Teacher Pear and I met up in a cafe in Bangkok for an afternoon sweet treat. We were talking about how much we loved eating dessert and it let us to an old saying “กินคาวไม่กินหวานสันดานไพร่ gin kaao mâi gin wăan săn-daan prâi/”. People in this generation like to jokingly use it as an excuse to eat more sugar. We found this expression interesting and would like to share with you.
First, let’s have a look at the meaning of the new words;
คาว /kaao/ comes from the full term ‘อาหารคาว /aa-hăan kaao/’ which means ‘meat dish’.
หวาน /wăan/ means ‘sweet’. In this expression it means ‘dessert’.
สันดาน /săn-daan/ means trait or character, but this term is not polite. It is usually used in a negative comment.
ไพร่ /prâi/ means ‘servants or lower-class people’ in the old times.

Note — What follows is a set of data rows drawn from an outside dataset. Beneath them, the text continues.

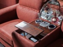 - armrest with a wide range of functions: compact retractable table, stand for glasses with cooling and lighting;
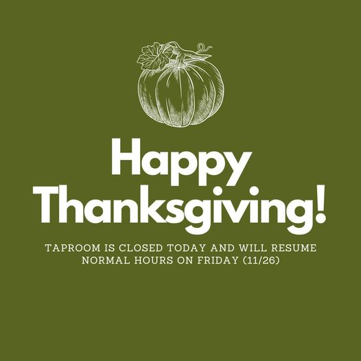 Happy Thanksgiving! Taproom is closed today and will open again on Friday (11/26
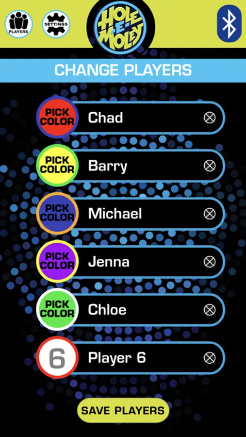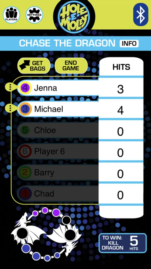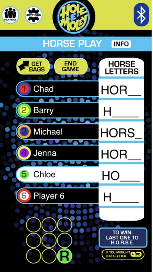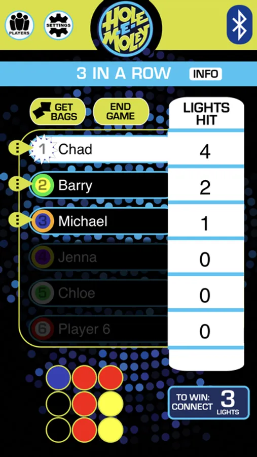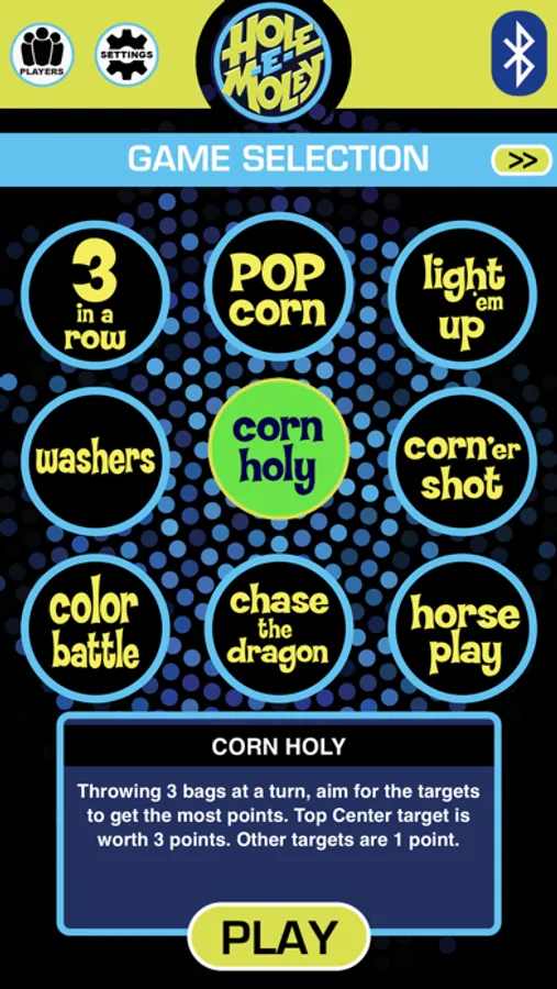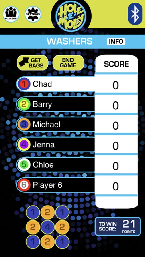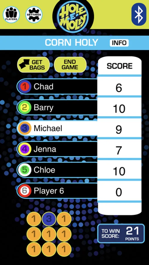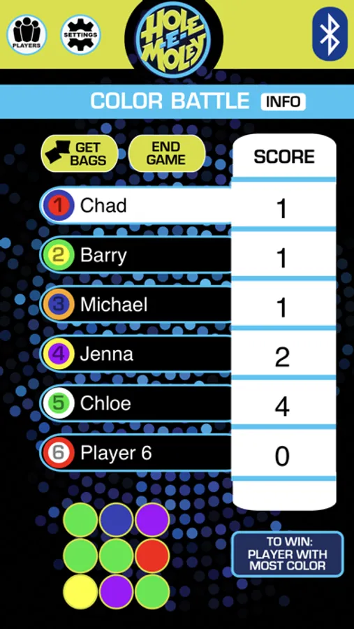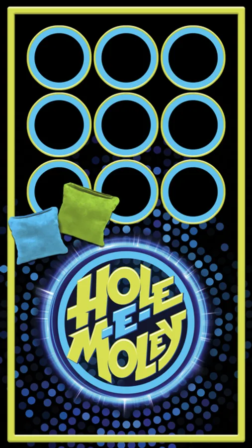 Hole-E-Moley™ is an App used to drive a multi-player, electronic cornhole board. The game allows up to 6 players, identified by color in the App and on the LED-lit board. Hole-E-Moley™ comes programmed with 9 fun and familiar games to play on a 9-target game board:
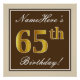 Póster Elegante, Brown, Faux Gold 65th Birthday + Nombre
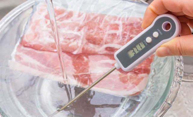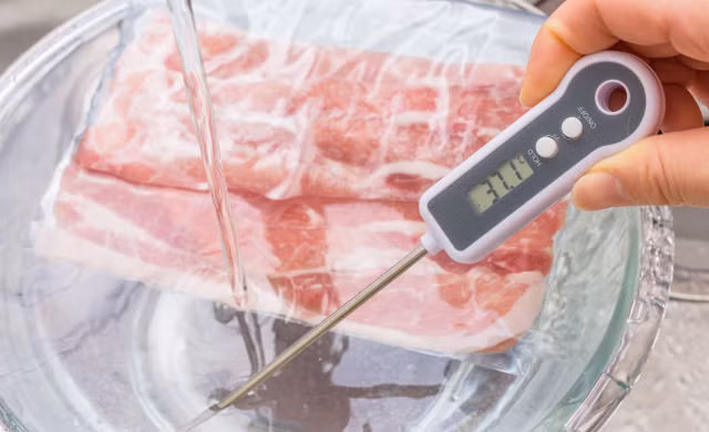 Cho miếng thịt đựng trong túi zip vào bát rồi đổ nước ấm khoảng 35 – 40 độ C, tốn 4 phút để rã đông miếng thịt 100g.
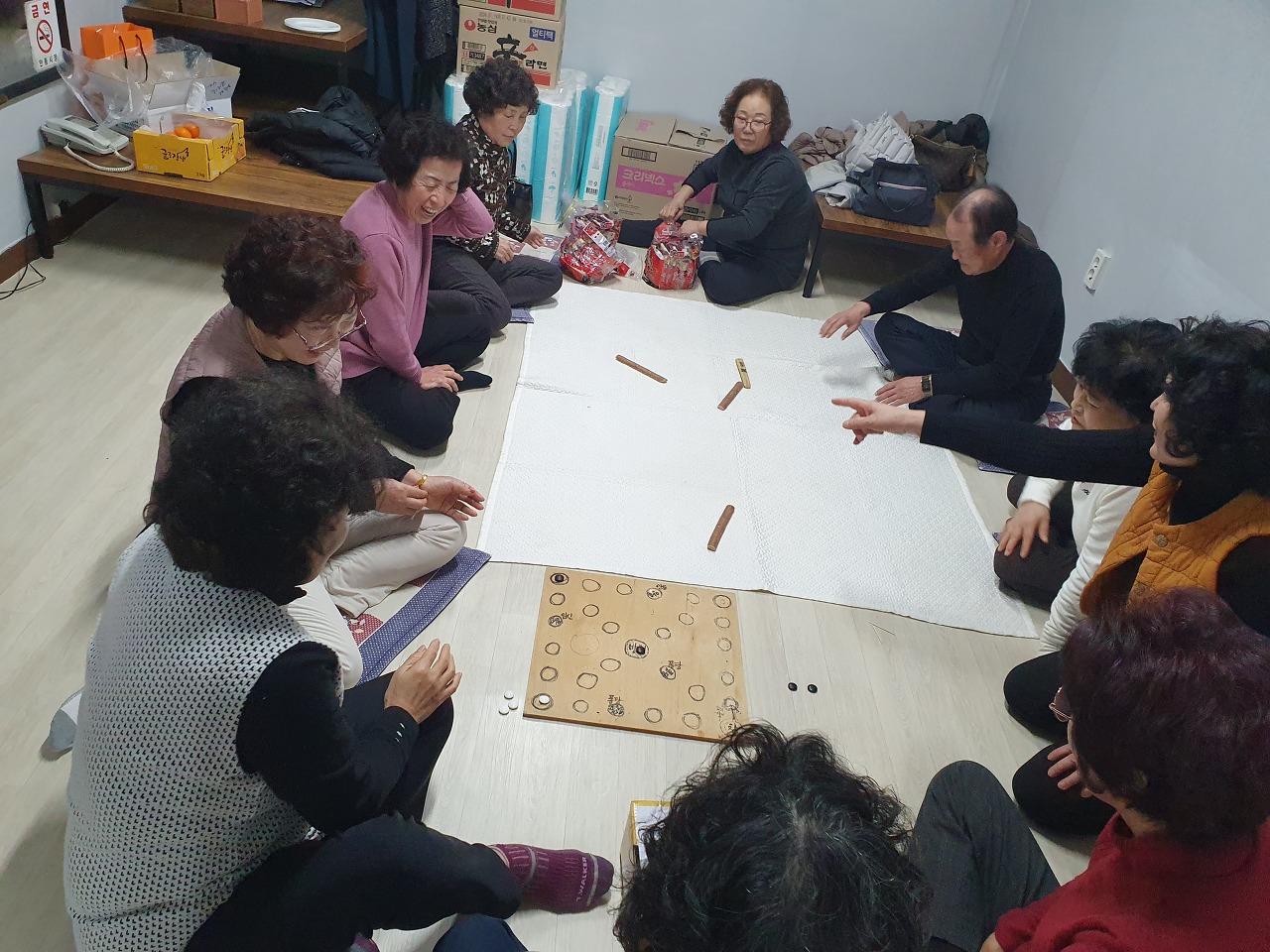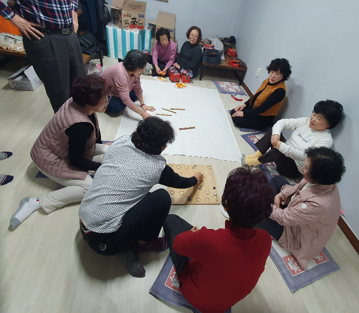 윷놀이를 하면서 즐거운 시간을 보내고

So the entire expression กินคาวไม่กินหวานสันดานไพร่ /gin kaao mâi gin wăan săn-daan prâi/ is the phrase used in the old eras by people in upper social class to look down upon lower-class people that ‘after eating main dish and not having dessert is the character of people from a low social class’. As in the old days sugar was a luxury item and hard to find. Only wealthy people could afford to have it in the kitchen thus poor people didn’t have a chance to eat dessert.
This is not the case in the present time anymore but the expression is still used but in a different manner – it is used to say for fun among friends as a reason to eat dessert even after our stomach is so stuffed! Similar to English expression ‘there is always room for dessert’. 🙂
Since we are in the topic of ‘sweets’ , we would like to talk about a few more interesting Thai idioms that consist of the word หวาน wăan (sweet).
1. ปากหวาน /bpàak wăan/
ปาก /bpàak/ means ‘mouth’. This phrase is used to describe someone who is ‘a sweet talker’.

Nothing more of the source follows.